Par exemple : il est établi que des formes de revenu minimum, voiture-balai de la protection sociale, (à distinguer du salaire minimum), existent désormais dans la plupart des États-membres (note 2). Mais sous des formes très disparates, tant dans les montants que dans les groupes-cibles. Cependant, des expérimentations, limitées dans l’espace et dans le temps, ont été mises en place dans plusieurs pays (Allemagne, Finlande, Pays-Bas, France, Espagne), et l’analyse de leurs résultats peut alimenter une réflexion à l’échelle européenne sur la faisabilité de tels dispositifs, leur coût, leur efficacité, etc. Des voix s’élèvent pour que ces expérimentations soient analysées, reprises, popularisées, et que l’UE s’en saisisse à une échelle plus large (note 3). Parmi ces voix, notons celle d’Ana Mendes Godinho, ministre portugaise de la solidarité. Le Portugal assurant jusqu’au 30 juin la présidence du Conseil de l’UE, et ayant prévu d’ores et déjà un important « sommet social » à Porto en mai, on peut supposer que cette question sera sur la table.


À plus long terme, ces questions peuvent être reprises au titre de la Méthode Ouverte de Coordination (MOC), qui est un des outils que l’UE développe et encourage depuis les années 90 pour progresser dans des domaines qui ne sont pas de sa compétence (note 4). Le programme ERASMUS, grande réussite européenne, en est un exemple abouti même si sa mise en place (1987) est encore antérieure à la formalisation de la MOC.
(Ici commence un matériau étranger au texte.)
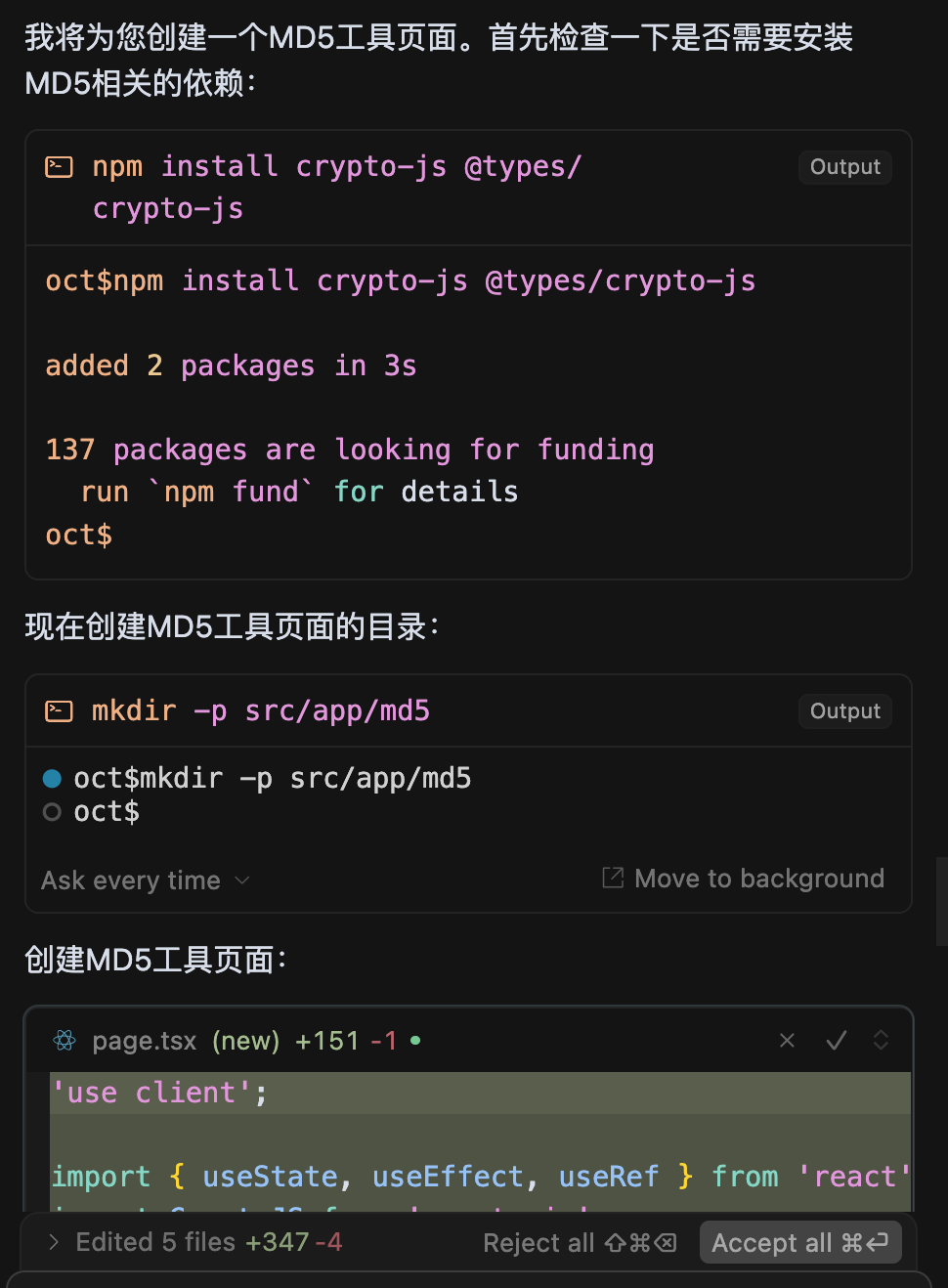 当有了 AI 辅助之后一切都不一样了,完成上述功能仅需要语言描述,如果报错就修复错误。我不必关心过程,只需要关注结果。
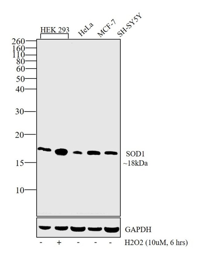 SOD1 (superoxide dismutase) binds copper and zinc ions and is one of two isozymes responsible for destroying free superoxide radicals in the body. This isozyme is a soluble cytoplasmic protein, acting as a homodimer to convert naturally-occuring but harmful superoxide radicals to molecular oxygen and hydrogen peroxide. The other isozyme is a mitochondrial protein. Mutations in this gene have been implicated as causes of familial amyotrophic lateral sclerosis. Rare transcript variants have been reported for this gene.
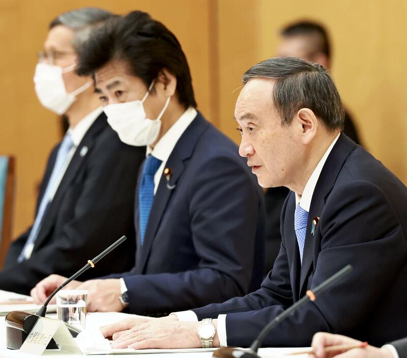 During the meeting, Suga called on people, including those living outside of Tokyo and the three neighboring prefectures, to refrain from dining together, except within families, or in groups of four people or less. He also indicated an intention to work out measures, within this month, to support women, nonregular workers and others who have become more isolated in society and have suffered distress due to the pandemic.
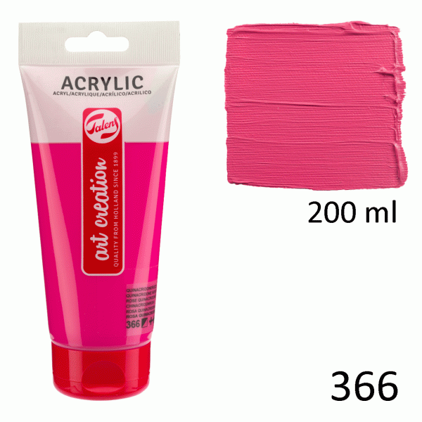 Розова акрилна боя от серията на Таленс Art Creation. Розовия Хинакридонов (366) е полупокривен цвят (◩) с отлична светлоустойчивост (+++).
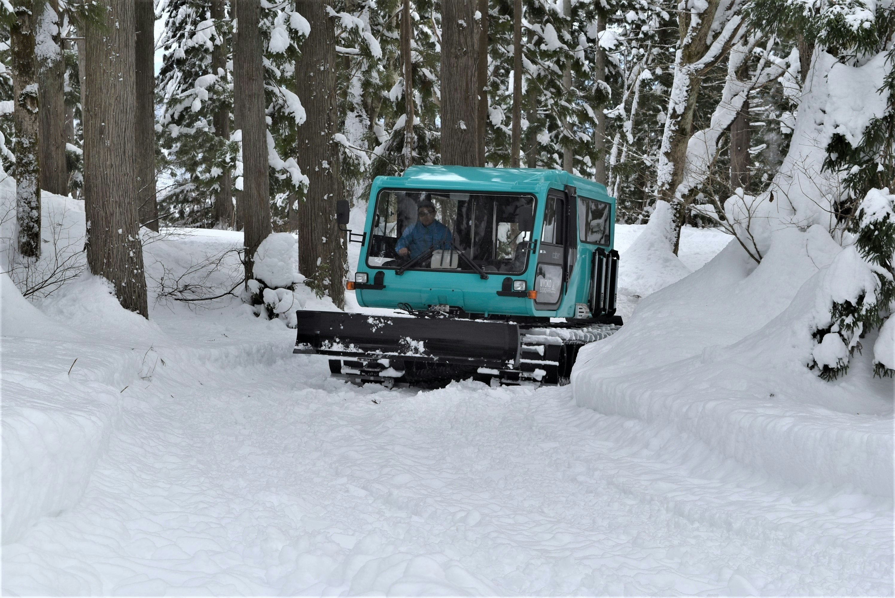 林の中を進む雪上車
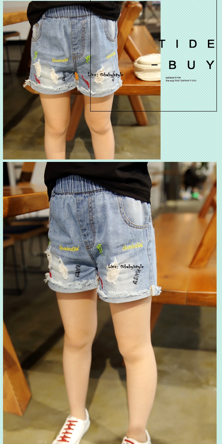 *Sales เด็กโต-กางเกงยีนส์ขาสั้นชายปล่อยพับ ปักลายเส้นหัวใจ ขอบเอวยางยืด มีไซส์ 140 รหัส KKK689
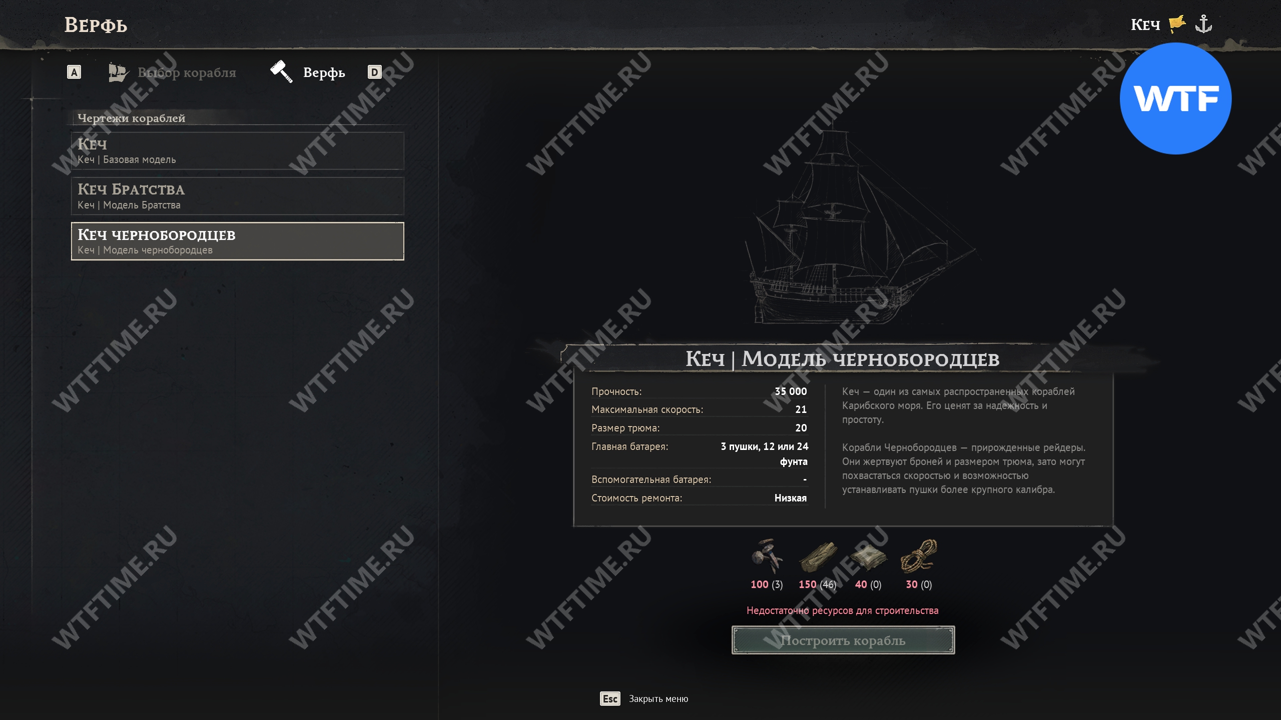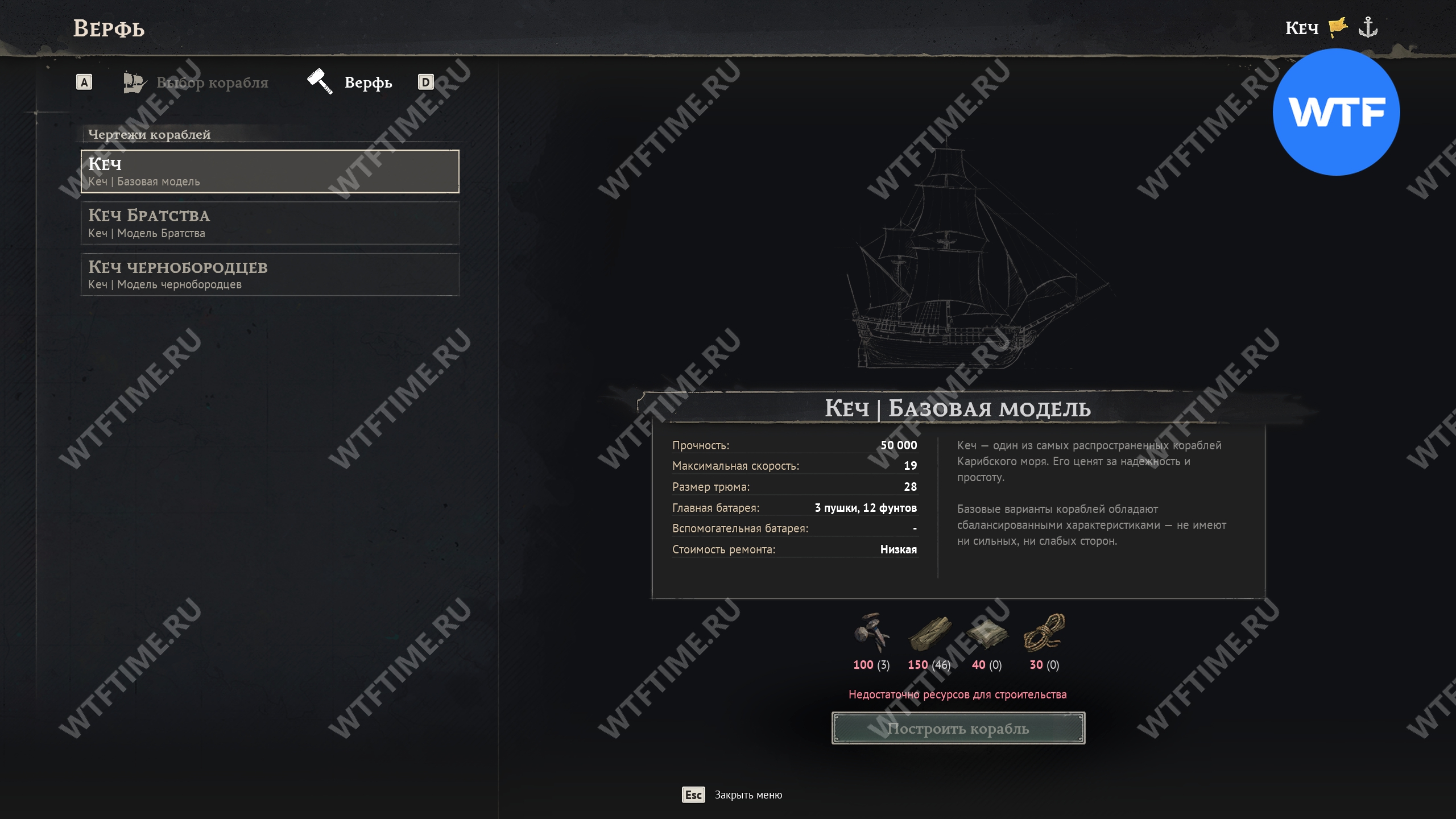 В верфи вы также можете построить другие модели кеча, заплатив при этом достаточно высокую цену в виде ресурсов. Обратите внимание, что изначально вам доступна базовая модель кеча.
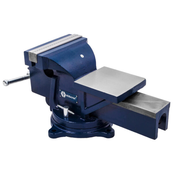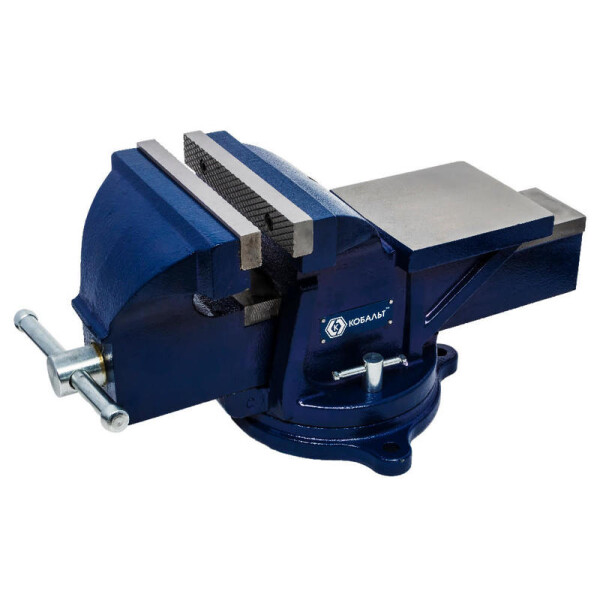 Слесарные поворотные тиски КОБАЛЬТ 246-005 изготовлены из прочного чугуна. Материалом зажимного винта служит углеродистая сталь. Ширина губок составляет 200 мм. Приспособление применяется при слесарных работах для надежной фиксации заготовки. Для удобства работы наковальня имеет большой размер - 145х140 мм. В основании предусмотрены посадочные пазы - для крепления тисков к верстаку или рабочему столу. Конструкция губок - съемная.

Un groupe de travail s’est mis en place au sein du Mouvement Européen France, sous l’impulsion de Jessica Chamba, ancienne présidente des Jeunes Européens France et vice-présidente du Mouvement Européen International (MEI), afin de déboucher sur des propositions et d’alimenter le programme de la future présidence française du Conseil de l’UE (1er semestre 2022), notamment dans le champ social.


En bref, non seulement l’Europe sociale reste, malgré tout, un sujet, mais on n’a pas fini d’en parler.